# Frankenstein



## MULTIZ321 (Aug 30, 2009)

- Frankenstein

If Frankenstein was the name of the scientist who tinkered with nature and created the monster, what was the name of the monster he produced? 

He doesn't seem to have a name, though he refers to himself (when speaking to his creator) as "Adam of your labours." 

But, when people think of Frankenstein, they generally think of the monster — the product of scientific experimentation run amok. 

Author Mary Wollstonecraft Shelley was born on this date in 1797. 

Her book Frankenstein; or The Modern Prometheus was one of the first gothic novels. 

Shelley was just nineteen years old when she completed the novel. 

She published it anonymously the first time around, in 1818. 

In its second edition, in 1831, Shelley's name appeared on the cover. 

Quote: "Teach him to think for himself?

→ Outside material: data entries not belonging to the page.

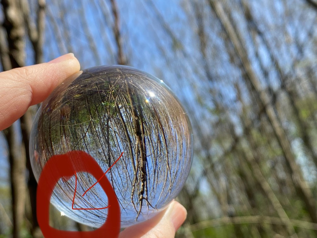 Man muß jedoch höllisch aufpassen. Bei meinem ersten Waldspaziergang vor ca 3 Jahren mit Kugel im Gepäck hätte ich fast einen Baum (und wahrscheinlich damit bald den ganzen Wald) abgefackelt. Ihr wißt ja, wie man mit einer Lupe oder auch mit einer Glasscheibe Feuer entfachen kann – geht mit der Kugel genau so – und noch schneller. Ich habe die Kugel auf einer Astgabel geparkt, bis ich meine Kamera richtig in der Hand hatte und die Kugel „dem goldenen Schnitt nach“ mit der Kamera bzw. für den Bildausschnitt richtig positioniert hatte, hat es schon zu qualmen angefangen!!! Huch – schnell die Kugel vom Ast weggenommen….und natürlich gewartet, ob/was passiert. Nix ist passiert – Glück gehabt.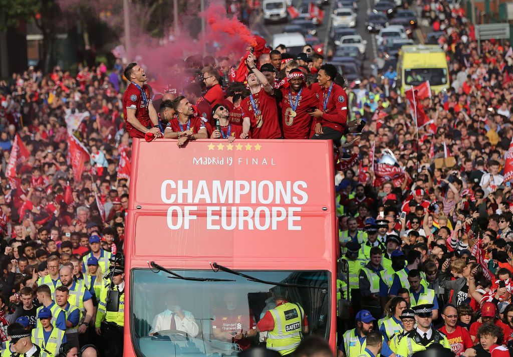 وتبادل اللاعبون كأس دوري الأبطال من على فوق الحافلة، ولوحوا بها للجماهير العارمة التي احتشدت لتحية فريقهم الذي أصبح بطل أوروبا مساء السبت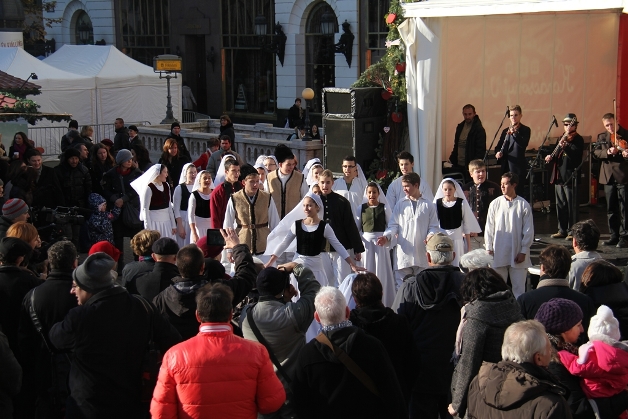 December első napján Kalocsáé volt a főszerep a fővárosban. A Budapest szívében található Vörösmarty térre kilátogatók a népzene, néptánc világán keresztül ismerhették meg hagyományainkat, népszokásainkat. Több mint 130 fő lépett tegnap a karácsonyi forgatag látogatói elé, akiknek produkcióját óriási siker övezte.

Oh, my God, teach him rather to think like other people!" — Mary Wollstonecroft Shelley, in Frankenstein; or The Modern Prometheus 

Richard


----------



## AwayWeGo (Aug 30, 2009)

*The Soundtrack.*

Click here for Monster Mash as recorded by The Bonzo Dog Doo-Dah Band. 

-- Alan Cole, McLean (Fairfax County), Virginia, USA.​


----------



## mamiecarter (Aug 30, 2009)

*See The Young Frankenstein*

You havent lived if you haven seen this 1970 s movie that gives a comic twist and makes the monster more human than his creator.


----------



## AwayWeGo (Aug 30, 2009)

*Young Frankenstein On Stage.*

Click here for a TUG-BBS discussion about the stage show version of Young Frankenstein. 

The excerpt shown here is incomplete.